Make sure your parting tool is sharp. I know, this seems like an obvious thing, but, it happens. The other day I was parting a piece of 5/8" diameter 7075 T6 and it seemed like I was driving my parting tool in with a lot of force. At first I thought it was because I had not worked 7075 before and that it must be tougher to cut. After struggling with it for a few minutes I decided to see if sharpening would help. Three seconds on the grinding wheel was enough to make the parting tool cut that 7075 like butter! It took about the same amount of time to cut the remaining 90% of the way as the first 10% did with the dull tool.


----------



## kuksul08 (Feb 3, 2013)

Do you sharpen the blade simply by grinding the front back a bit, or do you also grind on the top of the blade? some of the blades I have were ground in all sorts of weird ways.


----------



## gadget_lover (Feb 3, 2013)

I grind the front and the top, so there's a little top rake. 

In between grinding I touch up with a diamond hone tool. It's like a nail file but with diamond dust. I also use the diamond hone to put a better edge on carbide inserts.

Daniel


----------



## FlashKat (Feb 3, 2013)

Some cutting oils do not work well with aluminum. 
Try slowing down your RPM, and use WD-40.


----------



## PCC (Feb 3, 2013)

My parting blade already has the top cut, u just needed to touch it up and get the edge on it.


----------



## Clark (Feb 10, 2013)

Parting is a lot of woes for me.
Maybe I need to get past WWII.


----------



## richief (Feb 14, 2013)

yes all tips pretty much as I have good experience with too, I especially agree with Dan on honing tool bits for aluminium, as some alloys are gummier than others and grinding and honing with finer stones, really helps bits from friction, and loading up with aluminium.
Summary
Center height, tool square to work, toolbit ground square, with clearances and chip breaker, honed smooth, speed not too fast, keep tool plunging, or retract immediately to avoid dwelling toolbit, cutting fluid. 
I also have insert type parting tools, but find HSS is just fine for aluminium.
Glad to be here this site is very interesting.
New guy
Rich


----------



## Lathedog (Feb 14, 2013)

Need lube as stated on aluminum.make a huge difference.steady feed rate is also important.


----------



## precisionworks (Feb 15, 2013)

gadget_lover said:


> I also use the diamond hone to put a better edge on carbide inserts.
> 
> Daniel


Tooling engineers spend hundreds of hours designing inserts for specific applications. How do you improve on a design that is already optimized? Also, the majority of inserts today are coated & that means the carbide substrate never touches the material - all cutting is done with the coating. Honing a coated insert removes the coating & makes it perform the way inserts did in 1990.


----------



## gadget_lover (Feb 15, 2013)

precisionworks said:


> Tooling engineers spend hundreds of hours designing inserts for specific applications. How do you improve on a design that is already optimized? Also, the majority of inserts today are coated & that means the carbide substrate never touches the material - all cutting is done with the coating. Honing a coated insert removes the coating & makes it perform the way inserts did in 1990.

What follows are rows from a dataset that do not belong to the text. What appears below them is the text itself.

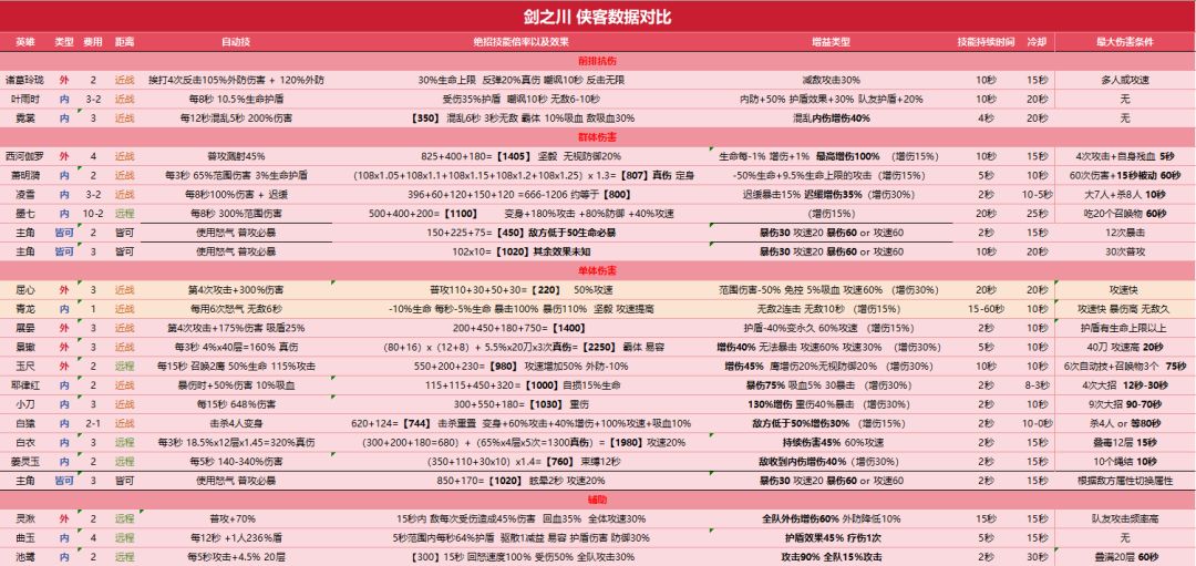 首先本人是新玩家没有参与过内测,但是看了论坛里也没有比较全面的分析,所以我耗时2年半自行分析了一下 1、这个表格不是绝对值,只是相对的分析,个人分析可能有计算不准确的地方,仅供参考,如果你有不同的见解,可以探讨 2、经脉,潜能,技能,数据太多了,所以我写的比较简洁 3、有的数据我没有写上去,比如叶雨时经脉加内防和生命,诸葛是外防和生命,因为所有坦克都是加防,输出都是加30增伤,战士都是加15增伤和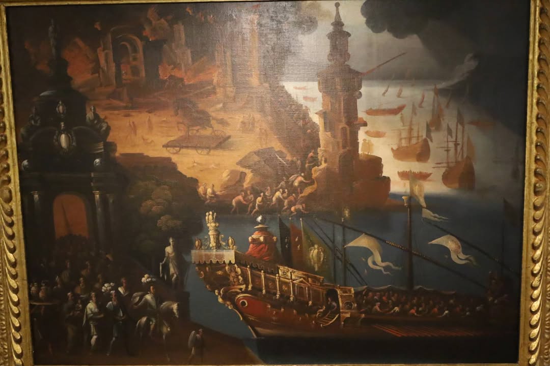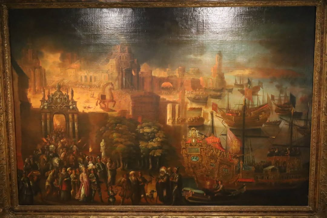 Больше всего мне понравились картины, изображающие взятие Трои. Из них му узнаем, что в осаде принимали участие испанские галеоны и тяжелые конные рыцари. Но самое интересное открытие которое я совершил - троянский конь был иноходцем! Именно так он изображен на обоих картинах. Кому вы будете верить, сказочнику Гомеру, или наследникам беотийцев, которые, в свою очередь ведут род от тех самых ахейцев?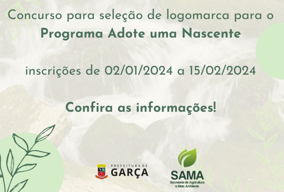 A Prefeitura de Garça recebe até o dia 15 de fevereiro as inscrições dos interessados em participar do concurso que vai escolher a logomarca que vai identificar o Programa “Adote uma Nascente”. O vencedor receberá premiação em dinheiro (R$ 5 mil).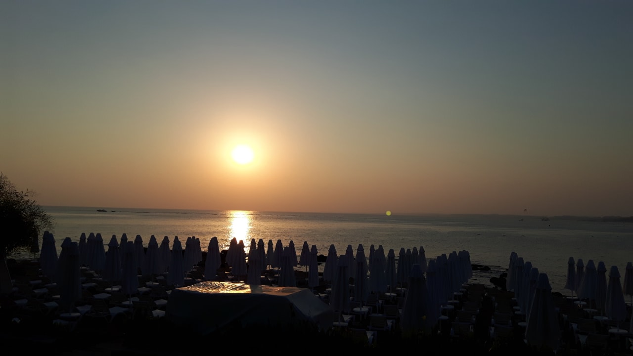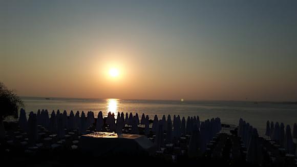 Von der Restaurant Aussen Terasse den Blick zum Meer und Strand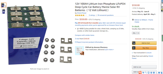 12V100Ah LiFePO4 battery pack with Busbar connection( Free Shipping)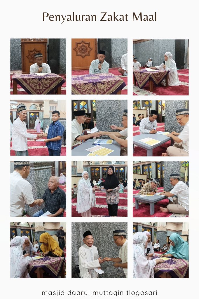 Acara dimulai dengan sambutan dari Ketua Yayasan Masjid Daarul Muttaqin, Bapak H Restu Dewadji, dilanjutkan sambutan oleh ketua unit UPZ Masjid Daarul Muttaqin, Bapak H Wagino Sunarto, yang menyampaikan rasa syukur dan apresiasi kepada para muzakki, para dermawan yang telah menunaikan kewajiban zakat maal mereka melalui masjid. Penyaluran ini merupakan bagian dari komitmen Masjid Daarul Muttaqin Tlogosari untuk tidak hanya menjadi tempat ibadah, tetapi juga pusat kepedulian sosial di tengah masyarakat. Dan Terakhir pembacaan doa dipimpin oleh Bapak H Hartono Ahmad.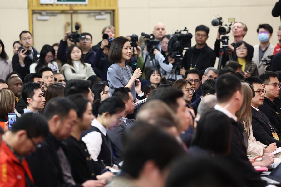 A journalist with Xinhua News Agency raises a question at a press conference on the sidelines of the second session of the 14th National People's Congress (NPC) in Beijing, capital of China, March 7, 2024. (Xinhua/Liu Xu)
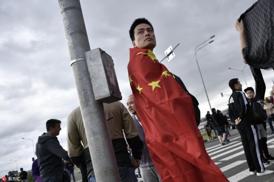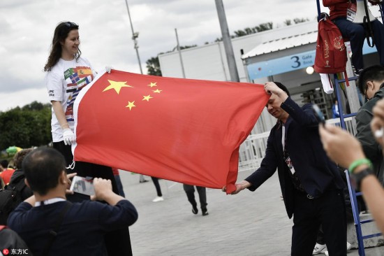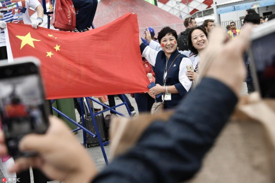 腾讯体育讯 当地时间2018年7月3日,俄罗斯莫斯科,斯巴达克球场外球迷狂欢,大批中国球迷观看比赛。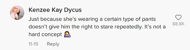 ‘Just because she’s wearing a certain type of pants doesn’t give him the right to stare repeatedly. It’s not a hard concept,’ one person wrote.

 Well, it all depends on your starting point. You get the right tooling for the alloys you are working on. You have some really nice coated inserts. I have inserts that I bought when I was still trying to figure out what "center height" meant. Some are pressed, some are coated, some are new and some are used.

The cheap ones are not ground, they are pressed and have a decidedly rounded edge. They cut better on a small lathe with a well defined edge. Once worn I can get a bit more use by touching up the edge.

To be honest, I have only one parting blade that uses carbide inserts and have not used it much. I don't recall needing to do anything to it. My old HSS blade works well for just about all my work. 

Daniel


----------



## caveBob (Feb 17, 2013)

I'm still learning the ropes with my lathe and don't know what type/size you have, but maybe this will help... coming at it from the back side & upside down:

Rear-mounted Parting Tool Holder for Sherline Lathe
http://www.machinistblog.com/rear-mounted-parting-tool-holder-for-sherline-lathe/

Rear Tool Post
http://www.hemingwaykits.com/acatalog/Rear_Tool_Post.html

REAR MOUNTING TOOL POST (MLA-6)
http://www.statecollegecentral.com/metallathe/MLA-6.html

I haven't made one of these yet... it's on the list of todos...


----------